I was first caller last week and they took an hour to answer. I got a good anwser.
Workcover are pretty impossible to deal with.
The ATO, Fairwork and Workcover all have different definitions for employee and what is classified as a small business.
The Modern Award system is quite good and clear about most things.
I would be happy to discuss further.
Tiffany Waters, ATO over 1 year ago
Thanks Stuart,

These are great insights and I've noted them for the squad. Just following up on your comment about the different classifications of small business across agencies, what impact is this having for small business owners?
DoyleS over 1 year ago
I'm in this position at the moment and I agree with stuart1064's views.

Everyone you contact, including my accountant, has a different perspective and you're given a variety of answers to a simple question. I don't know if this is overly simplistic, but I find the "wizard" on the licensing portal really helpful. Could something like that be setup so that you can add your industry etc and answers to the above questions (and others) and it will generate the batch of documents you need to read and the best people / agencies for you to speak with.

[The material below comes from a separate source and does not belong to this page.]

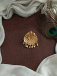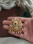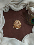 This exquisite Gold-Plated Pure Silver Pendant is designed with premium 92.5 hallmarked silver and adorned with pearl drops and a captivating combination of white and red semi-precious stones. The blend of shimmering stones and delicate pearls adds an elegant touch to this beautifully crafted pendant, making it a perfect accessory for special occasions and festive celebrations.

I also agree that even as the first callers, you're on hold for an extended period of time which makes it very difficult. I appreciate staffing limits however an online chat function would make it easier to go about business whilst waiting for your turn.
Robyn over 1 year ago
Problem is that most employment related questions have to be answered with "it depends" because of the complex rules that have been put in place, either to protect employees from being treated unfairly by employers or to protect the Revenue from people operating outside the rules. Small businesses should be able to access a one stop shop to find out what ALL the requirements are, not just Commonwealth laws but State too. And small businesses should not be expected to know what questions to ask!
Tiffany Waters, ATO over 1 year ago
Thanks Robyn,
Is this something that gets easier as you gain more experience taking on employees? Do we need to do something different for employers new to this vs more experienced employers?
Robyn over 1 year ago
New employers would only need to do certain things once, eg register for PAYGW, whereas existing employers would already have this in place and just need to add a new employee in compliance with the current requirements at the time. For an existing employer, even if you can remember what you did last time you hired someone, which could be months ago, you still also need to know what are the current requirements at any given time (because what you did last time might no longer be correct given changes). As the rules keep changing, it is always a challenge knowing what to do, especially when you don't know what questions to ask. I like the "wizard" suggestion by DoyleS. Perhaps the first question should be "Are you already established as an employer?", and then if you answer yes, the questions about initial setup as an employer are bypassed.
Tiffany Waters, ATO over 1 year ago
Great ideas - thanks Robyn
Tiffany Waters, ATO over 1 year ago
Thank you for your insights and ideas. This information will help the squad understand the problems small business face on this topic and how you think we should fix it. Please keep sharing your insights and ideas.
BroadbandConsultant over 1 year ago
The onerous overheads and liabilities that go with employment mean that there is a bit of a "no man's land" between a one-person operation and an operation of (probably) 8-10 people or more where the overheads can be amortised over a reasonable base of activity.
Peter.Fisher 7 over 1 year ago
I think the current complexities associated with taking on new employees would be simplified by a "one-stop-shop" which amalgamated the various departments concerned with a step-by-step questionnaire to guide small business operators through the employment maze.